Jane Moss at Alice Tully Hall. Ms. Moss, Lincoln Center’s artistic director, will take over all of the center’s programming.Credit...Vincent Tullo for The New York Times

When Jane Moss arrived at Lincoln Center 25 years ago to shake up its programming, many people thought that the days of its well-loved but staid Mostly Mozart festival were numbered. The creation of a rival summer festival — the multidisciplinary Lincoln Center Festival, which was run by others — in 1996 only added to the rumors of its pending demise.

But in the end Ms. Moss, and Mozart, are the survivors. Lincoln Center announced on Tuesday that it was pulling the plug on the Lincoln Center Festival, and that Ms. Moss, who reinvented and re-energized Mostly Mozart, would assume control over all of its summer programming in addition to her other duties as the center’s artistic director. It is the latest retrenchment for the center, which recently announced it was pulling back from its $500 million plan to renovate David Geffen Hall.

Taking control of all of Lincoln Center’s programming at a moment of budgetary constraints is the latest challenge for Ms. Moss, 65, who has quietly emerged as one of New York’s most creative tastemakers in recent years.

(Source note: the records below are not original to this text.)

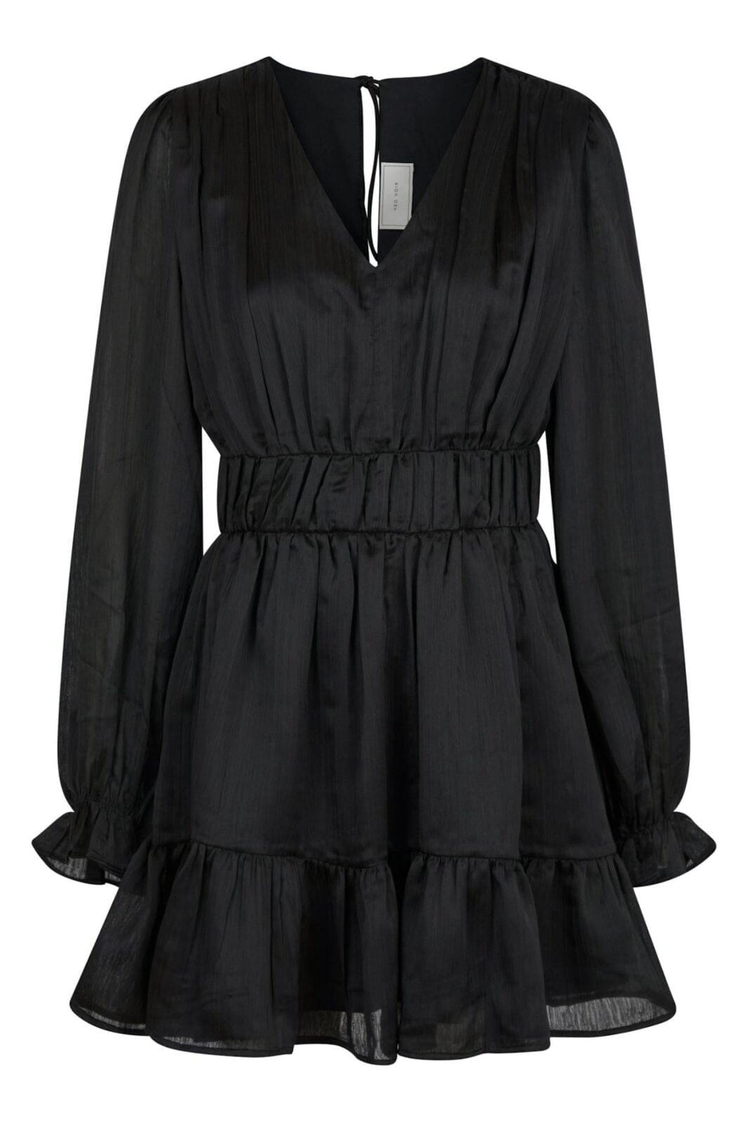 Svart kjole fra Neo Noir med v-hals og lange ermer. Kjolen har en samlet midje med volangkant og bindebånd som gir den et feminint uttrykk.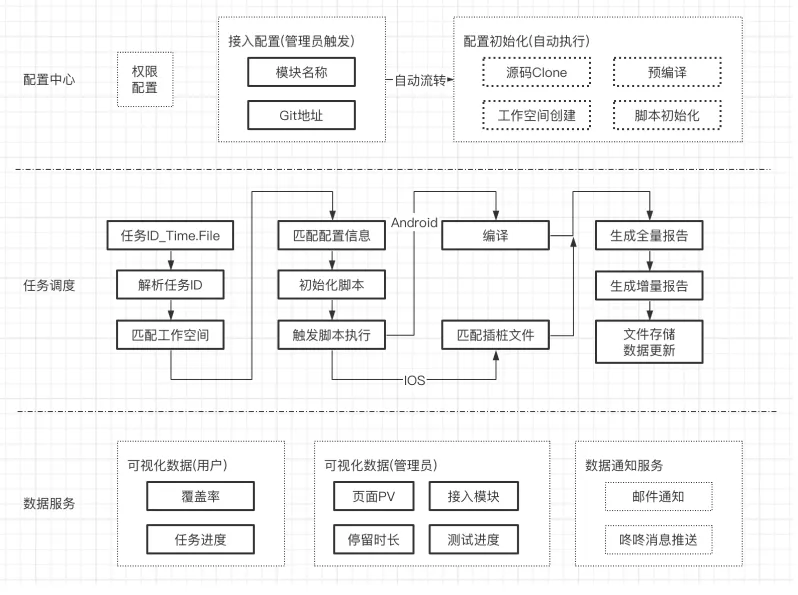 数据服务部分:数据服务,主要对每一个任务ID关联的模块信息、版本信息、代码分支信息、及覆盖率信息进行存储及展示,针对管理员用户,还提供了页面访问PV,停留时长、接入模块统计以及测试人员纬度的测试进度等数据展示。整个数据服务部分,将代码测试情况、模块接入情况及测试人员测试进度情况数字化的呈现给团队,并可以通过邮件推送、咚咚消息推送等渠道,周知给团队内每一个人。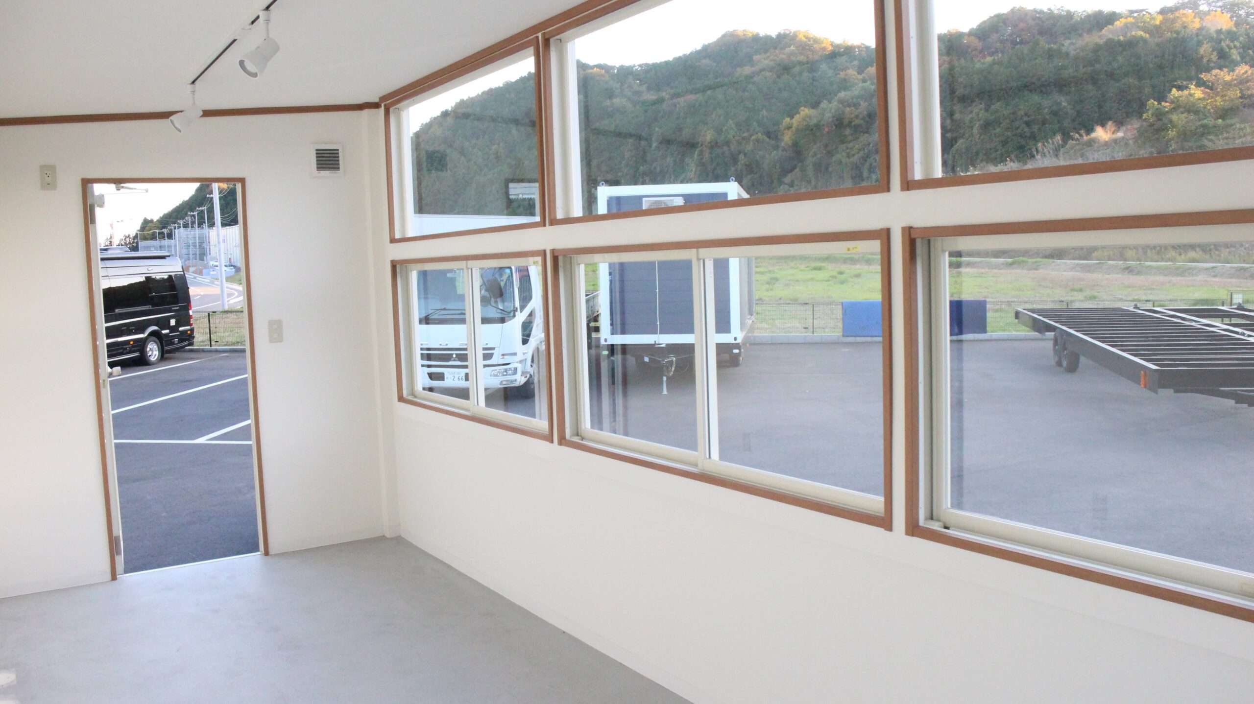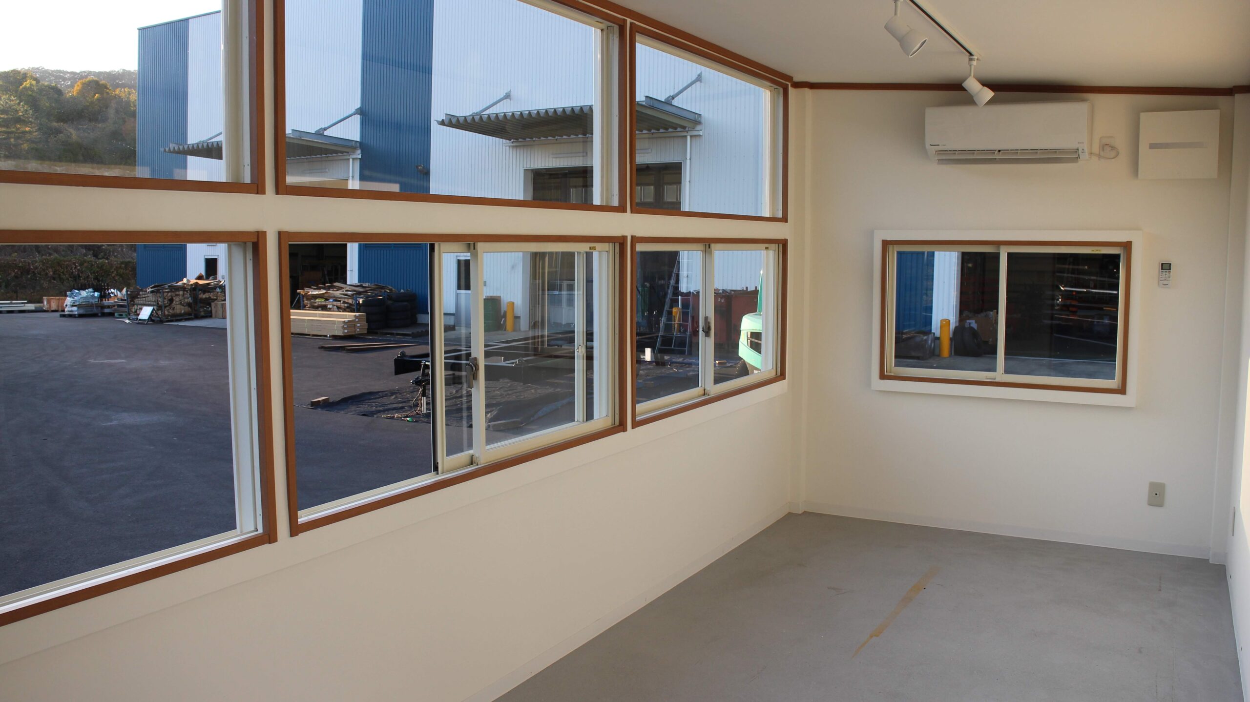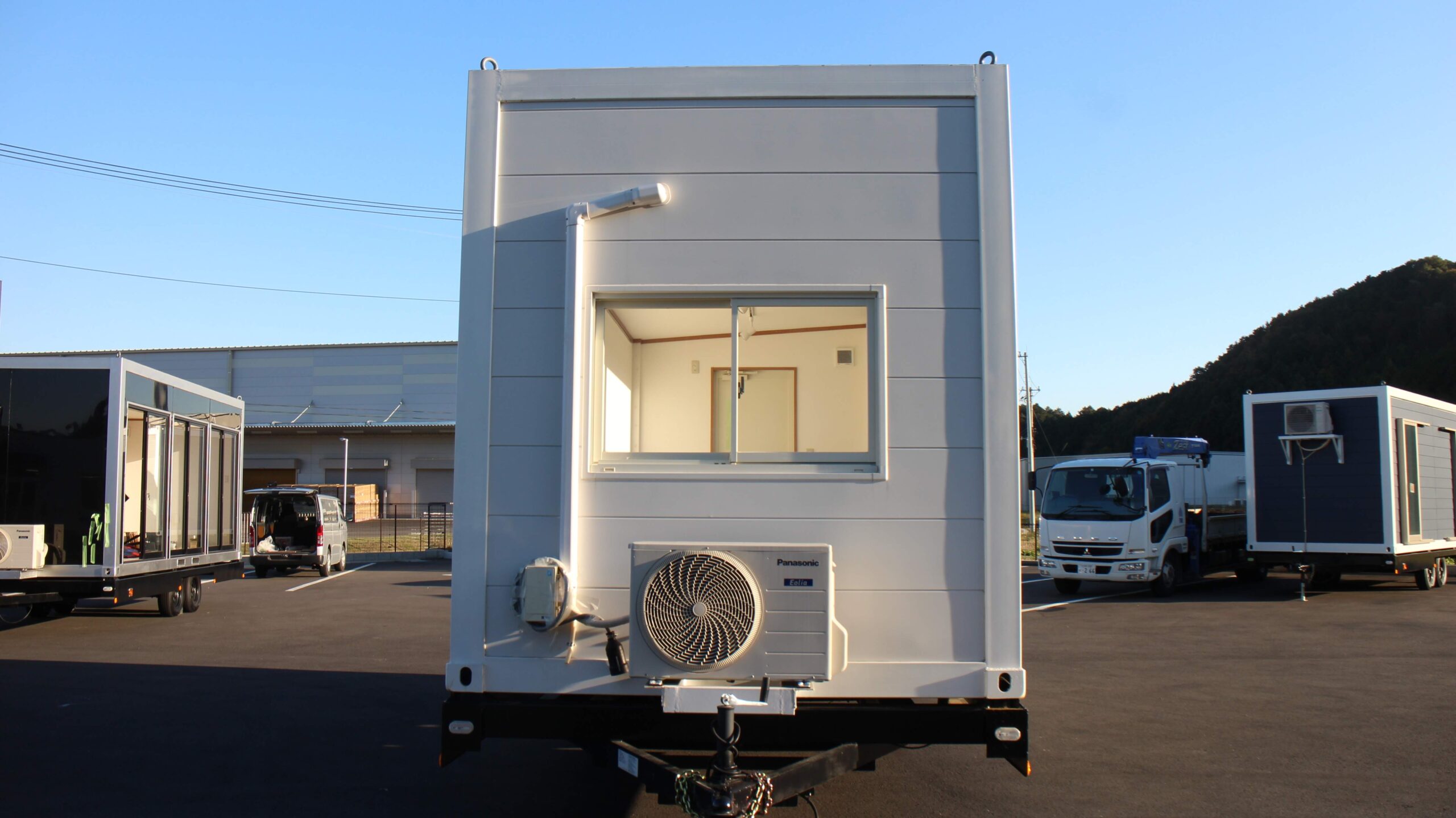 ・トレーラーハウスの片面側が窓3ヵ所構成

She said that while the details were still being worked out, she expected that Mostly Mozart would grow by 40 to 50 percent in future seasons to make up for the loss of the Lincoln Center Festival’s programming, which included hot-ticket productions of “The Demons” on Governors Island in 2010, the massive staging of Shakespeare plays in the Park Avenue Armory in 2011, and an international production of Balanchine’s “Jewels” this summer that was danced by the Paris Opera Ballet, the Bolshoi Ballet and New York City Ballet. She also plans to expand the White Light Festival, the inward-looking, spiritually-inclined fall festival she launched in 2010. Summer programming as a whole will drop to five weeks in 2018 from seven weeks this year.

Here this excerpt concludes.